Member of Parliament for Klottey Korle Constituency
- In office 7 January 2005 – 6 January 2009
- President: John Kufuor

Member of Parliament for Klottey Korle Constituency
- In office 7 January 2001 – 6 January 2005
- President: John Kufuor

Personal details
- Party: New Patriotic Party
- Profession: Lawyer

= Nii Adu Daku Mantey =

Ghanaian politician

Nii Adu Daku Mantey is a Ghanaian politician and a lawyer. He is a former member of parliament for the Klottey-Korle Constituency in the Greater Accra Region.

== Career==
Daku Mantey is a lawyer by profession.

==Political career==
Daku Mantey won his seat during the 2000 Ghanaian parliamentary election with a majority of 9018. He was a member of the 3rd parliament of the 4th republic and a member of the 4th parliament of the 4th republic representing the New Patriotic Party. He lost the seat in 2008 Ghanaian general election.

== Elections ==
Daku Mantey was elected as the member of parliament for the Klottey-Korle constituency of the Greater-Accra Region of Ghana for the first time in the 2000 Ghanaian general elections. He won on the ticket of the New Patriotic Party. His constituency was part of the 15 parliamentary seats out of 23 seats won by the New Patriotic Party. The New Patriotic Party won a majority total of 100 parliamentary seats out of 200 seats. He was elected with 29,240 votes out of total valid votes cast. This was equivalent to 51.70% of total valid votes cast. He was elected over David Lamptey of the National Democratic Congress, Nii Torgbor Coffie-Squire of the United Ghana Movement, Godwin Opare Addo of the Convention People's Party, Emmanuel C. Gustav-Lartey of the NRP and Alhaji U. Babamma Mohammed of the People's National Convention. These obtained 20,222, 2,1717, 2,298, 1,343 and 474 votes respectively of total valid votes cast. These were equivalent to 35.70%, 4.8%, 4.1%, 2.4% and 1.3% respectively of total valid votes cast.
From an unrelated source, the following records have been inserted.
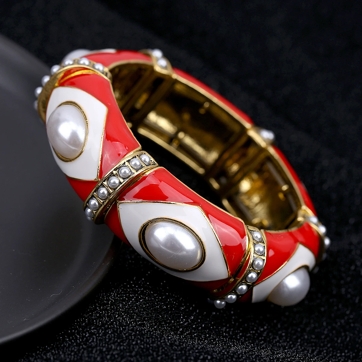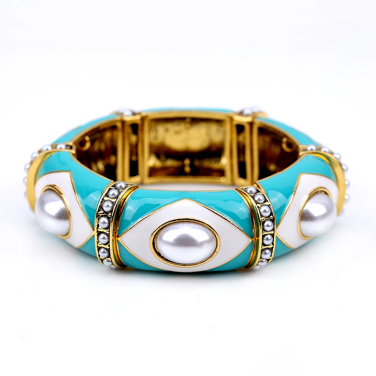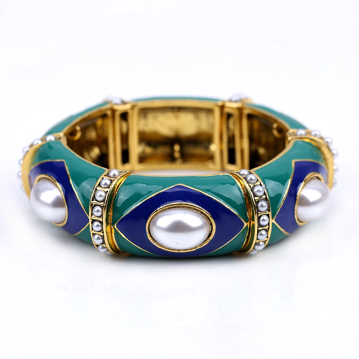 Отзывы о Эластичный женский браслет HAHA & TOTO винтажный с эмалью покрытый античным золотом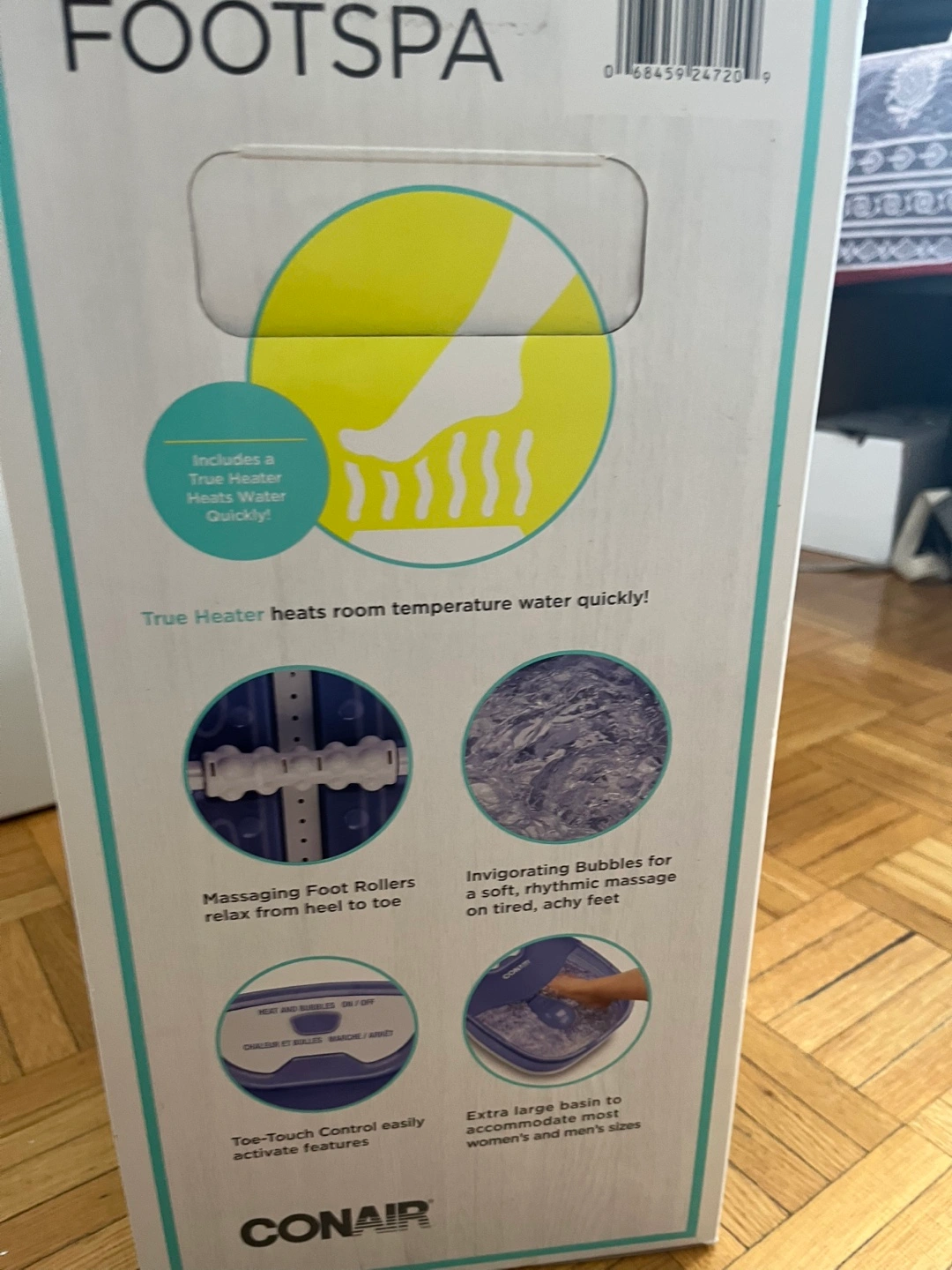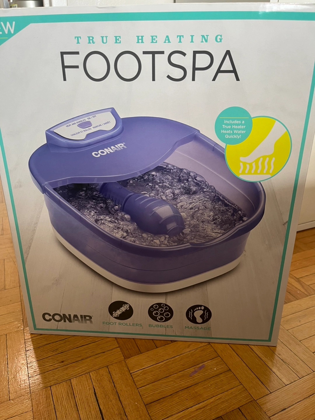 New Conair foot spa. Features true heat, massaging rollers, invigorating bubbles, and extra-large basin. Easy-touch controls. Heats room temperature water quickly.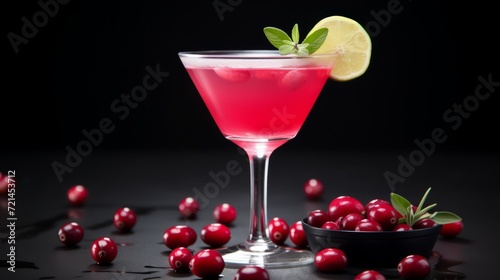 Fresh Cranberry Cocktail. Cocktail with Cranberry with Cranberries on black background. Minimalism. Food photography. Horizontal format
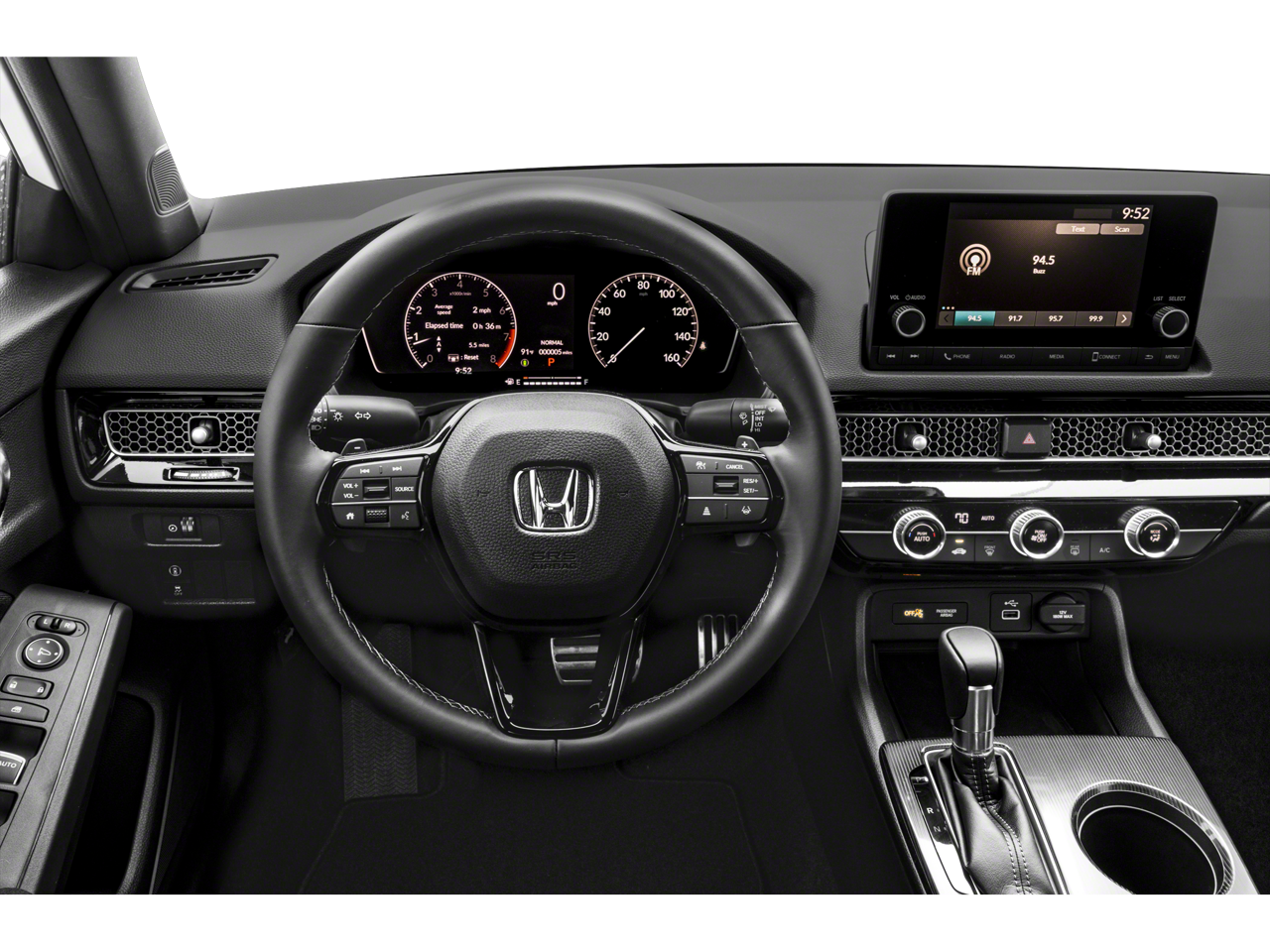 Below is all the standard equipment Cloth, 4-Wheel Disc Brakes, 8 Speakers, ABS brakes, Adaptive Cruise Control: Adaptive Cruise Control (ACC) with Low-Speed Follow, Air Conditioning, Alloy wheels, AM/FM radio, Apple CarPlay/Android Auto, Auto High-beam Headlights, Automatic temperature control, Brake assist, Bumpers: body-color, Cloth Seat Trim, Delay-off headlights, Driver door bin, Driver vanity mirror, Dual front impact airbags, Dual front side impact airbags, Electronic Stability Control, Emergency communication system: HondaLink, Exterior Parking Camera Rear, Four wheel independent suspension, Front anti-roll bar, Front Bucket Seats, Front Center Armrest, Front reading lights, Fully automatic headlights, Illuminated entry, Knee airbag, Leather Shift Knob, Leather steering wheel, Low tire pressure warning, Occupant sensing airbag, Outside temperature display, Overhead airbag, Panic alarm, Passenger door bin, Passenger vanity mirror, Power door mirrors, Power steering, Power windows, Radio data system, Radio: 180-Watt Audio System w/8 Speakers, Rear anti-roll bar, Rear side impact airbag, Rear window defroster, Remote keyless entry, Security system, Speed control, Speed-sensing steering, Steering wheel mounted audio controls, Tachometer, Telescoping steering wheel, Tilt steering wheel, Traction control, Trip computer, and Wheels: 18 Gloss Black Alloy.

In 2004, he contested for the Klottey-Korle parliamentary seat once more. He won on the ticket of the New Patriotic Party. His constituency was a part of the 16 parliamentary seats out of 27 seats won by the New Patriotic Party in that election for the Greater Accra Region. The New Patriotic Party won a majority total of 128 parliamentary seats out of 230 seats. He was elected with 32,263 votes out of 66,527 total valid votes cast. This was equivalent to 48.5% of total valid votes cast. He was elected over Richard Addo Buckman of the People's National Convention, Ashietey Nii Armah of the National Democratic Congress and Foli Emmanuel Wonder Kwadzo of the Convention People's Party. These obtained 910, 30,351 and 3,003 votes respectively of total valid votes cast. These were equivalent to 1.4%,48.5% and 4.5% respectively of total valid votes cast.